A quick guide to Myanmar's military MPs

A Tatmadaw soldier patrols the area south of Muse in northern Shan State during the Kokang rebel insurgency in 2015. (Photo by Steve Tickner)

On Jan. 18, Myanmar's Union Election Commission announced the lists of military representatives nominated by the commander-in-chief to occupy 25% of the seats in both houses of parliament, known as the Pyidaungsu Hluttaw, or Union parliament.

     There are 56 representatives of the armed forces, or Tatmadaw -- 52 from the army and two each from the navy and the air force -- in the Amyotha Hluttaw, or upper house. By rank, they comprise one major general, six brigadier generals and four colonels. Two are from the Defence Service Academy, four from the Officers' Training School, and five from the Officer Training Course, otherwise known as Teza.

     All except one colonel have completed master's degrees at the National Defence College. There are only 12 new names on the list, meaning that just under 79% of military representatives in the Amyotha Hluttaw are being reappointed. Of the 44 officers reappointed to the upper house, 11 have been sitting in parliament since 2011. The mix of different military training backgrounds they represent could see a variety of views on policy issues, although it would not necessarily compromise the overall military position. Officers with OTS background have more experience in civilian life than their counterparts from other training schools, as they completed their university education before joining the service while the latter mostly started their military careers just after high school.

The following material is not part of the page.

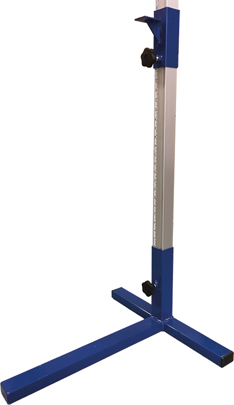 Korkeushyppyteline. Jalka ja rimanpidike jauhemaalattua terästä. Mitalla varustettu tolppa alumiinia. Rima myydään erikseen. Valmistettu Suomessa, Suomen Kenttävaruste Oy:n omalla tehtaalla Tampereella.

     The military delegation of 110 officers -- 91 from army, 8 from navy, and 11 from air force -- to the Pyithu Hluttaw, or lower house, includes two major generals, six brigadier generals and seven colonels. Seven of these 15 officers come from DSA, and the remaining eight are from OTC; none has a background in the OTS.

     Except for three colonels, all of these senior officers hold master's degrees in defense studies from the NDC. While three brigadier generals and three colonels are new to parliament, the remaining nine have been in the Pyithu Hluttaw since 2012. In other words, they are experienced in the legislative procedure. Only 46 names are new; 58.18% of the officers named are already serving in the chamber. Of these 64 officers, 10 have been in the chamber since Jan. 20, 2011.

     All the officers who will sit in the new parliament hold at least one university degree. Many studied engineering and science, and some hold master's degrees or doctorates. The two women officers who will sit in the lower house are medical doctors.

     Overall, the military has assembled a formidable pool of educated and experienced legislators to perform what it believes is an important role in national politics. The graduate education of senior officers at the NDC is important because officers study not only national security and international affairs but also public administration and economic development, giving them a broad overview and understanding of public policy issues. This educational background will undoubtedly help them set benchmarks against which to address policy issues as it equips them with both skill and knowledge in public affairs.

Maung Aung Myoe, an author and expert on Myanmar military issues, is professor of international relations at International University of Japan.